This article focuses on some of the most groundbreaking provisions of the proposed Regulation which are expected to be a major concerns for in-house counsel, in particular those advising businesses with multi-jurisdictional operations. The Regulation also introduces new provisions that, amongst others, would: (i) make international data transfers easier; (ii) decrease the requirements and the costs of dealing with more than one Privacy Authority with differing rules (so-called “one-stop shop”); (iii) implement specific provisions on the so-called “right to be forgotten,” as interpreted by the European Court of Justice in the Google Spain case (European Court of Justice, decision of May 13, 2014, case C-131/12); (iv) provide for more effective sanctions and penalties to data controllers and data processors.

 

Territorial Scope of the Regulation

One of the major changes to be brought by the Regulation concerns the territorial scope of the EU data protection laws.

Today, Article 4 of the Data Protection Directive contains the rules governing its territorial scope and jurisdictional reach. According to this provision, the EU rules apply to personal data processing:

  • where the processing is carried out in the context of the activities of an “establishment” of the data controller in the territory of the Member State. If the same controller is established in more than one Member State (e.g., by means of subsidiaries), the controller must take the necessary steps to ensure that each of these establishments complies with the obligations laid out by the applicable national law. Security measures depend on the location of a possible processor, as provided in Article 17, paragraph 3 of the Directive; and
  • where a controller not established in the EU, for purposes of processing personal data, makes use of “equipment,” automated or otherwise, located on the territory of that Member State, unless such equipment is used only for purposes of transit through the territory of the EU.
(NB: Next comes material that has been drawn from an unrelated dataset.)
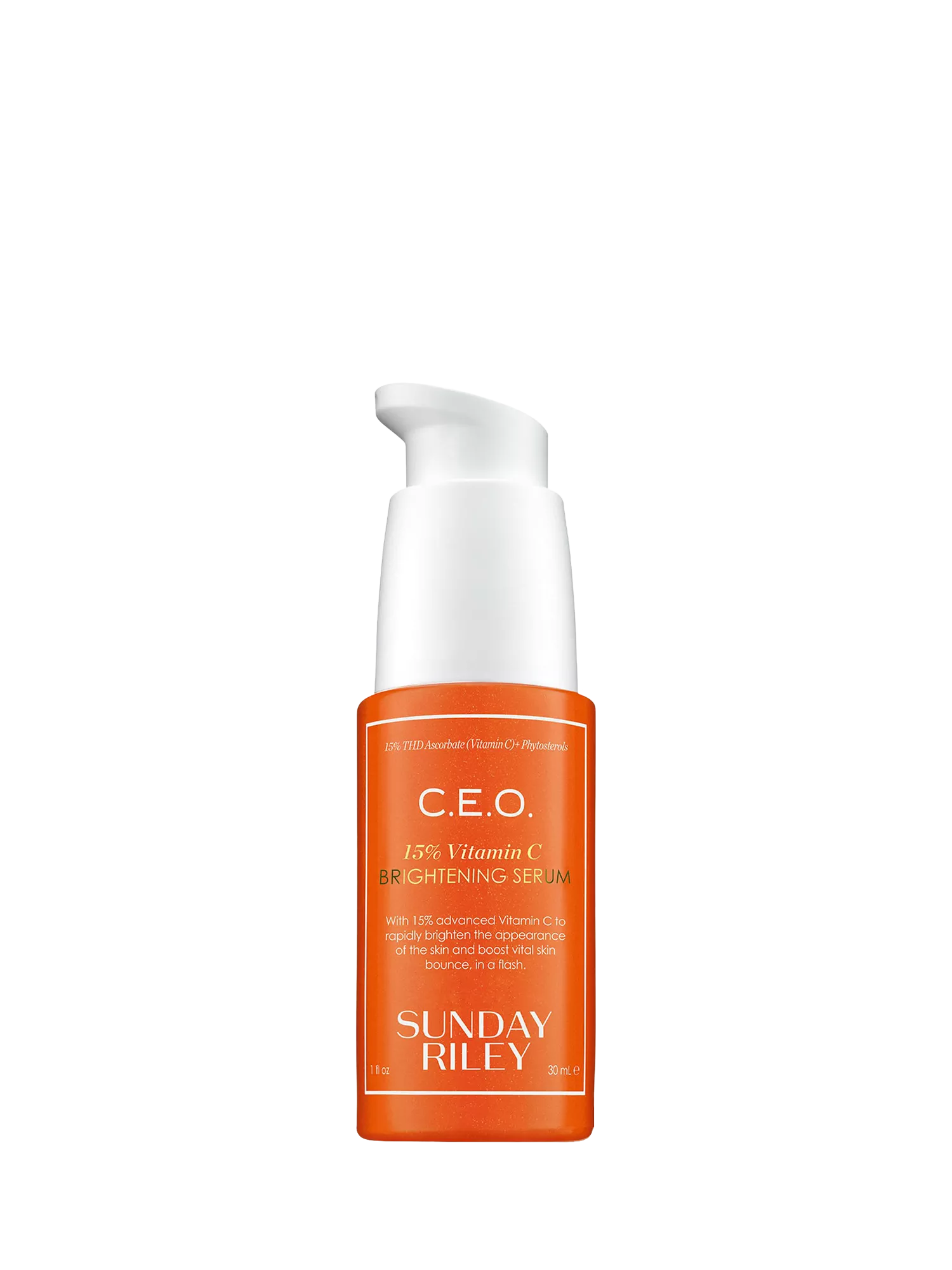 C.E.O. Brightening Serum uses a sophisticated, ultra-powerful form of Vitamin C called THD Ascorbate. Both highly stable and oil-soluble, THD Ascorbate rapidly absorbs into the skin for visible anti-ageing benefits, including visual improvement in loss of firmness, the appearance of lines and wrinkles, and dark spots and dullness.

Article 3, paragraph 1, of the Regulation, as recently amended by the Council based on the Parliament’s position, would still keep the “establishment criterion” mentioned above for the applicability of its provisions to controllers or processors established in the European Union. In addition to that, however, the Regulation would expand the “use of equipment” criterion currently provided by the European data protection law by making data controllers established outside the EU, but “targeting” EU residents, subject to EU data protection obligations.

Indeed, the Regulation would be applicable whether the processing of personal data concerns:

  • the offer of goods or the provision of services to residents in the EU, even where no payment is required (e.g. “free” services, where individuals in fact pay for the service by providing their personal data);
  • the monitoring of data subjects’ behavior within the EU. In order to determine whether a processing activity can be considered to ‘monitor the behavior’ of data subjects, it should be ascertained whether individuals are tracked on the Internet with data processing techniques which consist of profiling an individual, particularly in order to take decisions concerning her or him or for analyzing or predicting her or his personal preferences, behaviors and attitudes (see Recital 21 of the Regulation, in the text approved by the Council on June 11, 2015).
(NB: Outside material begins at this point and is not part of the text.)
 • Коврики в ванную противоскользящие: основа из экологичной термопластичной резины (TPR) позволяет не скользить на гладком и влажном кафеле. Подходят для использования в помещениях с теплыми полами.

Because of its potential broad reach, the new criterion poses challenges for businesses directing their activity to the EU and also gives rise to questions on how the Regulation’s requirements can be readily enforced outside the EU.
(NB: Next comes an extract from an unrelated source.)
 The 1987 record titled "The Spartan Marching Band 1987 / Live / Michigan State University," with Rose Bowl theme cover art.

It is worth mentioning that the Council uses different wording from the position adopted by the Parliament: in fact, the latter proposed that controllers, and even processors not residing in the EU, would be subject to the provisions of the Regulation. In its regarding the proposed regulation, the Working Party 29 stressed the fact that the Regulation should also cover non-EU processors, in order to provide for a legal liability for these subjects.

 

Automated Data Processing and Profiling

Generally speaking, “profiling” enables an individual personality or aspects of his or her personality – especially behavior, interests and habits – to be determined, analyzed and predicted. “Profiling” of individuals is increasingly used by companies to offer personalized and targeted services (e.g., discounts, special offers and targeted advertisements based on the customer’s profile).

The Data Protection Directive does not contain any specific provision on “profiling”, but it includes a general provision concerning “automated individual decisions” in Article 15, which grants to data subjects the right not to be subject to a decision which “produces legal effects” concerning him or “significantly affects” him and which is based solely on automated processing of data intended to evaluate certain personal aspects relating to him, such as his performance at work, creditworthiness, reliability, conduct, etc. An automated decision by a bank not to grant credit may fall within the aforementioned provision.
Automated decisions can, however be made in certain cases, notably in the course of entering into or performance of a contract, provided that data subject’s legitimate interests are protected, e.g. by taking arrangements allowing him to express his point of view, or as otherwise provided by the law.

This provision has sometimes been implemented across EU Member States in different ways. It is worth mentioning Italy, where the prohibition to make decisions involving the assessment of a person’s conduct based solely on the automated processing of personal data aimed at defining the data subject’s profile or personality is limited to measures or act taken by judicial or administrative authorities (see article 14 of Legislative Decree of June 30, 2003, no. 196 – the Italian Data Protection Code).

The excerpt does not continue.